* **What you have to do**: Look below for the line containing "Tourists view the"; from there, print each line exactly up to and including the line containing "- Thí sinh bấm", and stop.

* **Extracted records**:
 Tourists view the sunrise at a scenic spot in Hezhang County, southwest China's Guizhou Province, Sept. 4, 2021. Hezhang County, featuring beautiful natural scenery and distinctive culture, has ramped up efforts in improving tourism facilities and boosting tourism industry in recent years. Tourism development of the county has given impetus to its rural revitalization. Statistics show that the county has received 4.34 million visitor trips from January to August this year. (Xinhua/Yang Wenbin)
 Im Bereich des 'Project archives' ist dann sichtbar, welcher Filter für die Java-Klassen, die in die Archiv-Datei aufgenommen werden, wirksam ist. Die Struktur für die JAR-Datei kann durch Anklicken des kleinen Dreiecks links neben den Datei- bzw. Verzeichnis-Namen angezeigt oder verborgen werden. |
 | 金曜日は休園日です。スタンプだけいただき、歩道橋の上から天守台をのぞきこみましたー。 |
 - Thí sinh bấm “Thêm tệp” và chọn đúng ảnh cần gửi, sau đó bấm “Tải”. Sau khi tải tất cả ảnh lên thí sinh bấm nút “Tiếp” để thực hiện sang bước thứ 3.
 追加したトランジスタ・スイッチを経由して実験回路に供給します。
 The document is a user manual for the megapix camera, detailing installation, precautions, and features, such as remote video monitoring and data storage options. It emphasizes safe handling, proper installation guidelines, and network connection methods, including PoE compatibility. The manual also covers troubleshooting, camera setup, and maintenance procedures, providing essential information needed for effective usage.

---

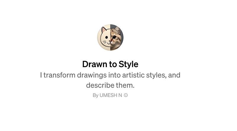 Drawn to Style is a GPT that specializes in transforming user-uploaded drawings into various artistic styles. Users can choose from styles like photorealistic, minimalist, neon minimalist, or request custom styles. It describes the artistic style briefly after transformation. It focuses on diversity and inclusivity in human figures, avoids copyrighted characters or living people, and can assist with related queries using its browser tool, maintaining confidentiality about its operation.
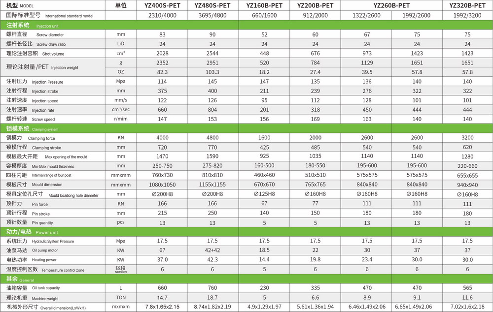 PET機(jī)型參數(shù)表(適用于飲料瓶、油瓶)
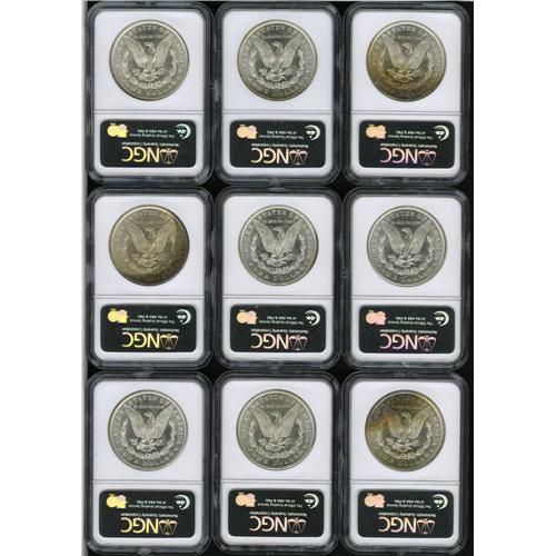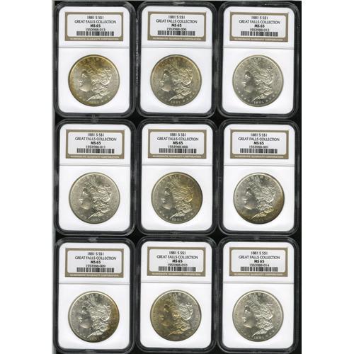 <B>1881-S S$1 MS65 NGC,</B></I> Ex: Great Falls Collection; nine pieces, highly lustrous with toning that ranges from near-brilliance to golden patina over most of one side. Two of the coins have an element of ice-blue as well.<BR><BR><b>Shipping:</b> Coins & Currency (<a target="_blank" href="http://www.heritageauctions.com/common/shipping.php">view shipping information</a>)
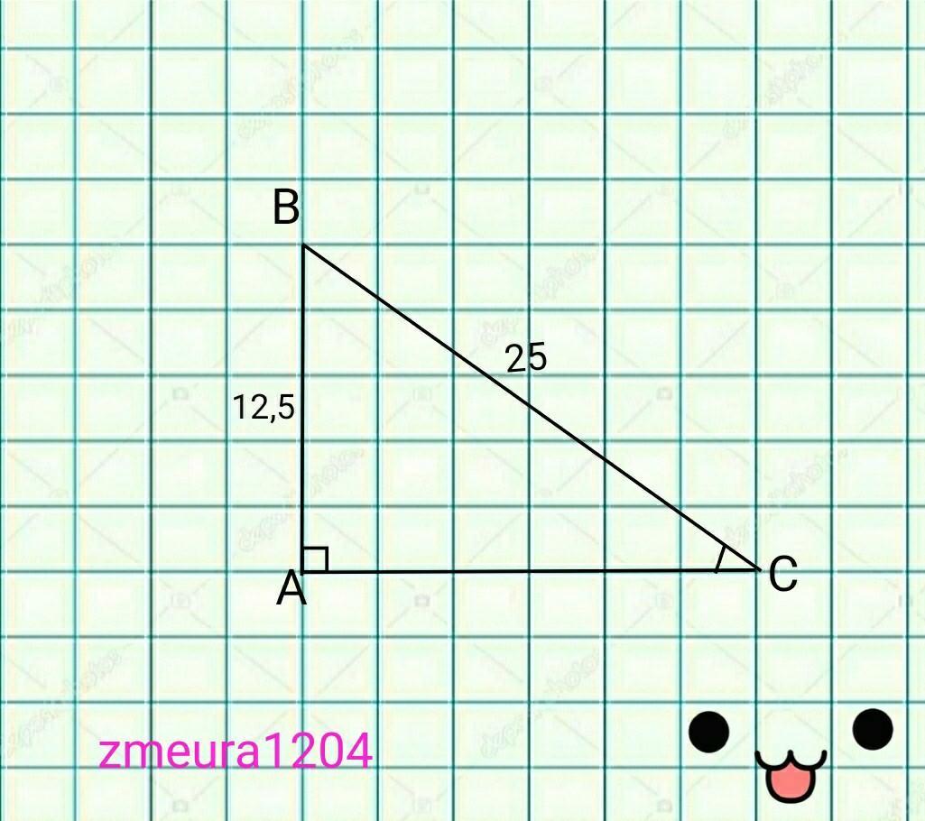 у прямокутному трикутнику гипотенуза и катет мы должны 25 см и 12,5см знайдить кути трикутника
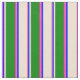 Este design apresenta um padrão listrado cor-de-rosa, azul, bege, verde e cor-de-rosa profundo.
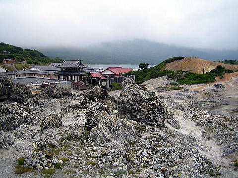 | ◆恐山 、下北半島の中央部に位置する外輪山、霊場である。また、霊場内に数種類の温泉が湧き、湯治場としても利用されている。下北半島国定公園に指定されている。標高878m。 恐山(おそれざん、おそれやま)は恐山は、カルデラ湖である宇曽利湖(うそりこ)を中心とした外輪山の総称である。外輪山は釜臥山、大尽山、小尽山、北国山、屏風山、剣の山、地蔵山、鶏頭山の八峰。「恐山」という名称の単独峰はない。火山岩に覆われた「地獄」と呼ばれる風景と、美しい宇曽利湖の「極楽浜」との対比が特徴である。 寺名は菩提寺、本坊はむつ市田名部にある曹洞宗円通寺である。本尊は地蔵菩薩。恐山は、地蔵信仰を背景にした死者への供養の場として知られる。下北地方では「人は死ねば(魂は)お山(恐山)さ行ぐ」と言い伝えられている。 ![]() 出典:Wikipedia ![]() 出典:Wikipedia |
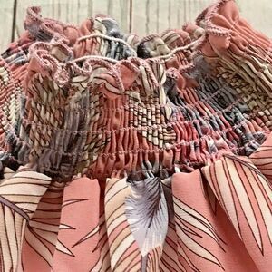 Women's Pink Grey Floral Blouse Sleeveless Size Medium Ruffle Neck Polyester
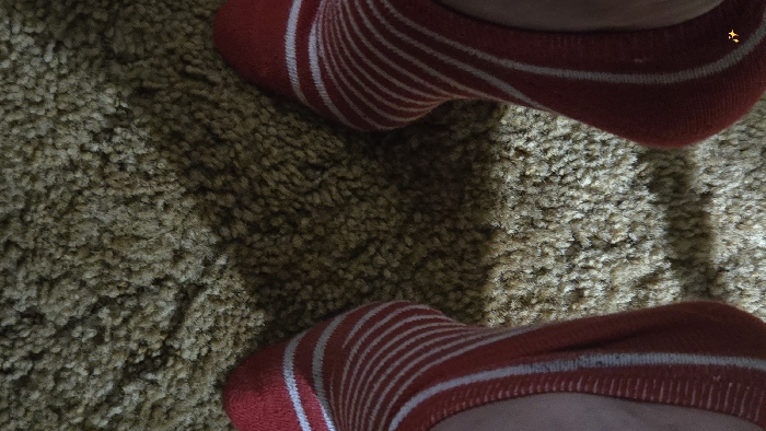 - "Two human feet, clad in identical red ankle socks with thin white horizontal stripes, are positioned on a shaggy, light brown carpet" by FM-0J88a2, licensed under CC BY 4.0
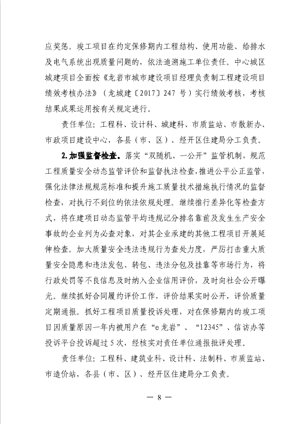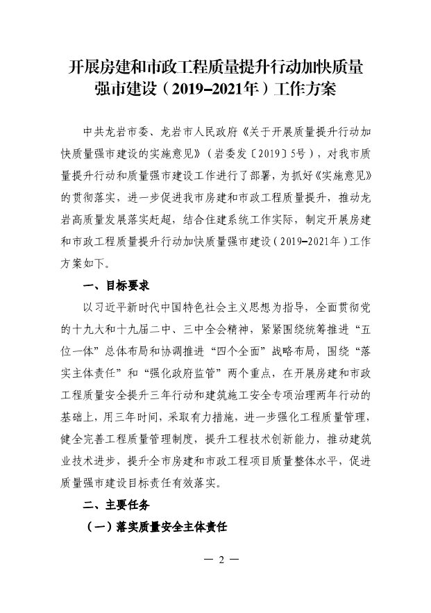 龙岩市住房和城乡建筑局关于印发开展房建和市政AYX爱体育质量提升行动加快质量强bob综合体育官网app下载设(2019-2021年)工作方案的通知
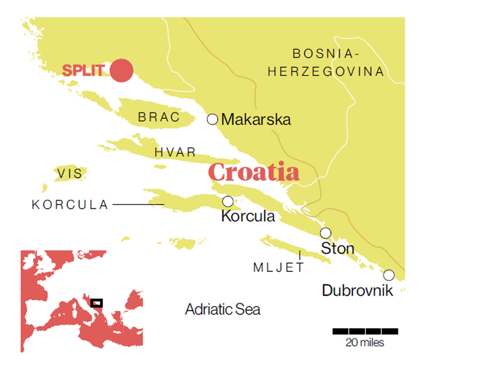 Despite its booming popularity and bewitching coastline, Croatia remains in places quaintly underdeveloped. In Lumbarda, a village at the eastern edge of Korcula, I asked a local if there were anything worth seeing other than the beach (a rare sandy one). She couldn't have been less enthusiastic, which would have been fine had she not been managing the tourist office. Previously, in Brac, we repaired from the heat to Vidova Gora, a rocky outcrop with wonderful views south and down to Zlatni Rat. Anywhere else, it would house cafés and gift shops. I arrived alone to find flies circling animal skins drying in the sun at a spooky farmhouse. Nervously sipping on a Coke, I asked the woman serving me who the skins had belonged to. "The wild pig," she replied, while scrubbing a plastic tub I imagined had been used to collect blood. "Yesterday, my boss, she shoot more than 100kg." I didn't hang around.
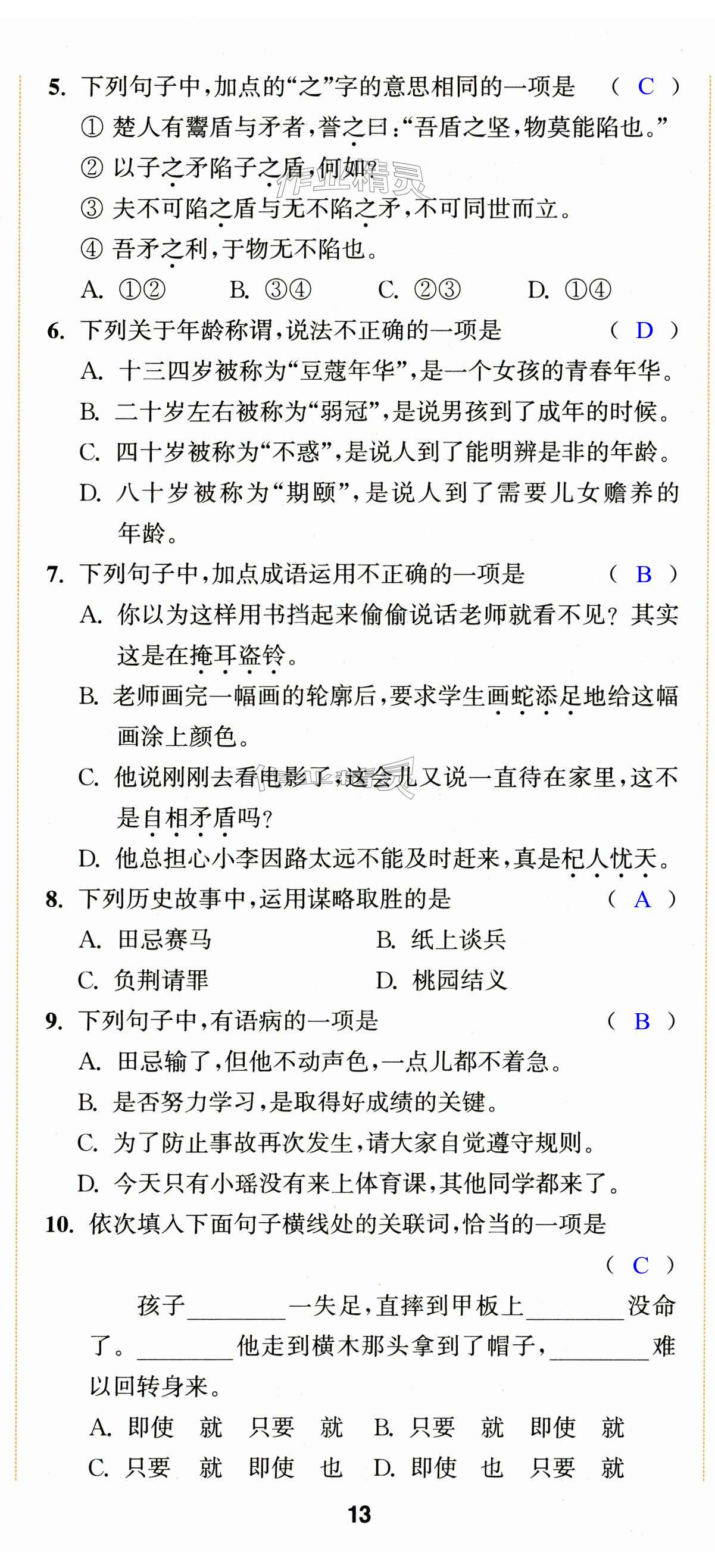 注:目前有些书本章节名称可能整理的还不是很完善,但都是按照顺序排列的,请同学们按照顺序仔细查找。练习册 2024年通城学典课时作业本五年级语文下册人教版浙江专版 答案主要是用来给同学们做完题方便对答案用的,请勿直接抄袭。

--

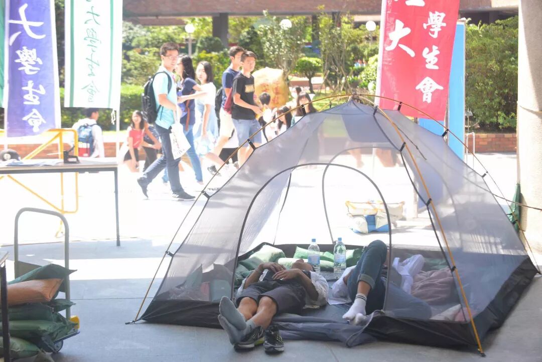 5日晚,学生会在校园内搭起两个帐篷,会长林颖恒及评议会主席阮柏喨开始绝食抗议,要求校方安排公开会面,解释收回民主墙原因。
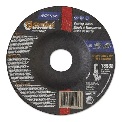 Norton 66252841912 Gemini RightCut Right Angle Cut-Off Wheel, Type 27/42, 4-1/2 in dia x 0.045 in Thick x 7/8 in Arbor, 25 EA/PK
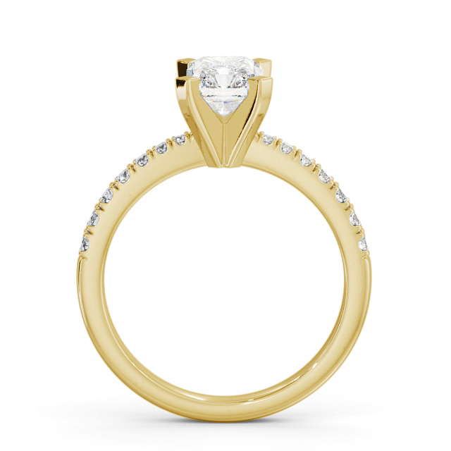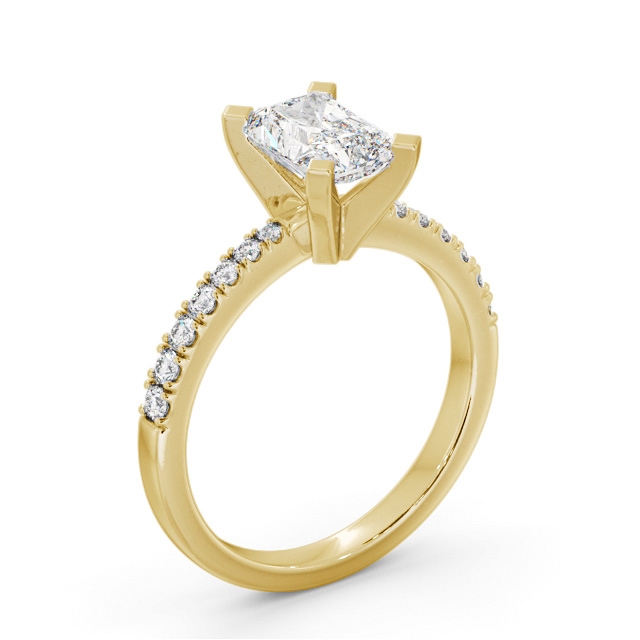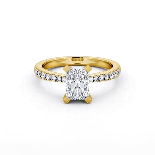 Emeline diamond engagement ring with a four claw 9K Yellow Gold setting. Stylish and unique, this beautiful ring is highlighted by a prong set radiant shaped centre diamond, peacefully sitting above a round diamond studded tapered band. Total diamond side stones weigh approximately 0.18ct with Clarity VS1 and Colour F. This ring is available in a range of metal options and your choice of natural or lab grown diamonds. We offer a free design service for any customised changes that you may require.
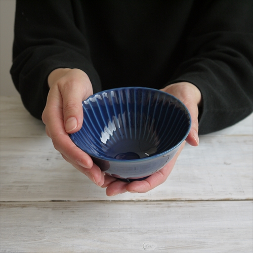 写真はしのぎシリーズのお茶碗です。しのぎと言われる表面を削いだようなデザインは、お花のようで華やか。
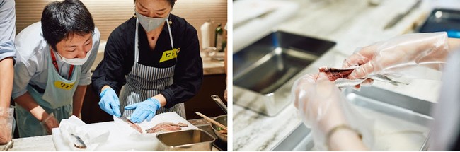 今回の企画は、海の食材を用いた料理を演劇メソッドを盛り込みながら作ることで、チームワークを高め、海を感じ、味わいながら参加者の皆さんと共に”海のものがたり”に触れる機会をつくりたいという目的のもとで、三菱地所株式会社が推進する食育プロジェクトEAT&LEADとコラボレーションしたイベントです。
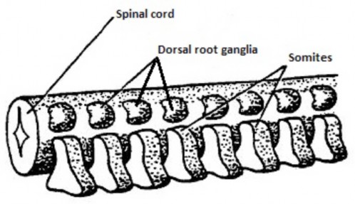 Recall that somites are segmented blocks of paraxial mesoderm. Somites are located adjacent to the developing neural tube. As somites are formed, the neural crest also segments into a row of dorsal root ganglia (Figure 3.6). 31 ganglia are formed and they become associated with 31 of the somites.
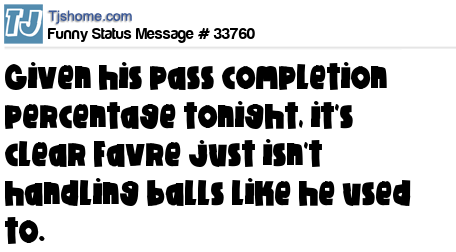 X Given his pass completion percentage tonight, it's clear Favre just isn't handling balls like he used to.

* **Task output**:
 Tourists view the sunrise at a scenic spot in Hezhang County, southwest China's Guizhou Province, Sept. 4, 2021. Hezhang County, featuring beautiful natural scenery and distinctive culture, has ramped up efforts in improving tourism facilities and boosting tourism industry in recent years. Tourism development of the county has given impetus to its rural revitalization. Statistics show that the county has received 4.34 million visitor trips from January to August this year. (Xinhua/Yang Wenbin)
 Im Bereich des 'Project archives' ist dann sichtbar, welcher Filter für die Java-Klassen, die in die Archiv-Datei aufgenommen werden, wirksam ist. Die Struktur für die JAR-Datei kann durch Anklicken des kleinen Dreiecks links neben den Datei- bzw. Verzeichnis-Namen angezeigt oder verborgen werden. |
 | 金曜日は休園日です。スタンプだけいただき、歩道橋の上から天守台をのぞきこみましたー。 |
 - Thí sinh bấm “Thêm tệp” và chọn đúng ảnh cần gửi, sau đó bấm “Tải”. Sau khi tải tất cả ảnh lên thí sinh bấm nút “Tiếp” để thực hiện sang bước thứ 3.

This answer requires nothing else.